安歌看见他喉结微微滚动,月光在紧绷的眉弓上投下浅淡的阴影。
“定亲那日,阿娘将祖传的玉簪当了,换回半匹红绸,”他忽然短促地笑了一声,“她怕夜长梦多,当天就逼着我写了婚书。”
远处的海灯被浪推着轻轻相撞,爆出几点细碎的火星。
“后来周二娘子来军营给我送鞋……”李朝宗顿了顿,“粗麻底,纳了九层布。那夜暴雨,值守的老刘把自己的军帐让了出来……那夜之后,她天没亮就匆匆离去了。”
潮声忽然大了些,盖过他尾音的颤抖。
“三日后伊州爆发时疫,”他忽然抓起一块礁石碎片掷向海面,惊散了两只依偎的海鸟,“等我去寻时,周家只剩门楣上悬着的白幡。他们说未行大礼,不算夫妻,连灵堂都不让我进。”
远处观灯人群的欢笑隐约传来,衬得这处海滩格外安静。
“我在城西最高的山坡买了块地,”他凝视着海天交界处最后一点光亮,“按娶妻之礼安葬时,才发现对她几乎一无所知……最后栽了棵沙枣树。”
海浪轻轻拍打着礁石,溅起细碎的月光。
“安歌,你还记得我们第一次见面吗?”他突然开口,声音里藏着不易察觉的温柔。
安歌微微扬起头:“不就是三年前的中秋宫宴上吗?那时候你刚来洛安。”
李朝宗唇角浮现一丝自嘲的笑意:“你穿着浅碧色襦裙,替一个从边疆刚到洛安的愣头青解围。”
“那时……”安歌欲言又止。
他接过话:“那时我连宫门往哪边开都分不清,偏要装出一副泰然自若的模样。废太子被你气跑时,你还笑着要请我去喝一杯……你不知道你自己有多美,我甚至不敢多看你。”

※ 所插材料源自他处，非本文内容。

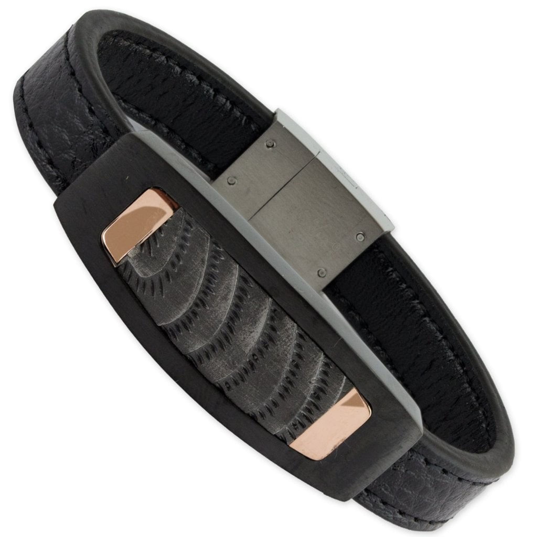 Ett ritkigt läckert läderarmband med en mönstrad bricka i rostfritt stål.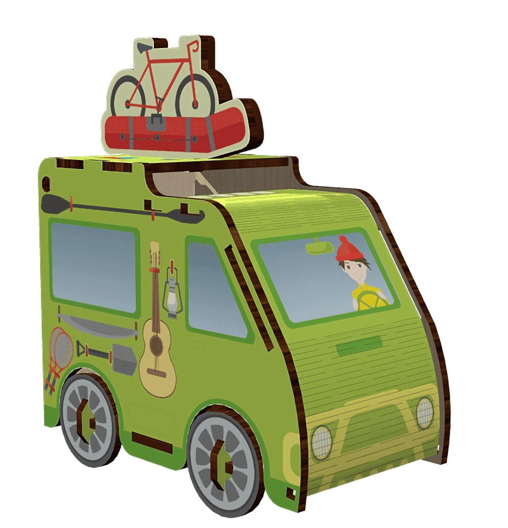 Конструктор состоит из элементов, изображающей миниатюрную туристическую машинку. Он подходит для активных детей, любящих сюжетные игры и творчество. Малыши смогут самостоятельно или вместе с родителями собирать модель, что делает игру не только увлекательной, но и полезной.

“后来我们一次次的相遇,总是那么匆忙,我就像在渡口等一艘注定不会停靠的船。”他的声音渐渐低了下去。
“可是谁能想到,命运的手却将你慢慢推向我,我能怎么办呢?你已有良配,我于是学会了远远地守望。”他凝视着远处的海面。
安歌望向他:“所以你一直对我……”
“我有过煎熬,有过不甘,也有过挣扎,后来才渐渐明白,原来当年对周家娘子的感觉,不过是少年人对异性的好奇和懵懂。是你让我懂得什么叫心动,什么叫喜欢,什么叫爱。是你教会我,真正的爱是成全,是守护,是隐藏在时间里,更是让一个人成为更好的自己。”
李朝宗转过身,月光下他的眼神清澈见底:“安歌,有些记忆存在的意义,就是为了让人学会分辨什么才是真正值得珍惜的。”
海浪轻拍礁石的声音忽然变得清晰,安歌感到胸口有什么东西在微微发烫。
她的目光描摹着他轮廓,月光为他镀上一层银边,睫毛投下的阴影里藏着这些年她未读懂的情意。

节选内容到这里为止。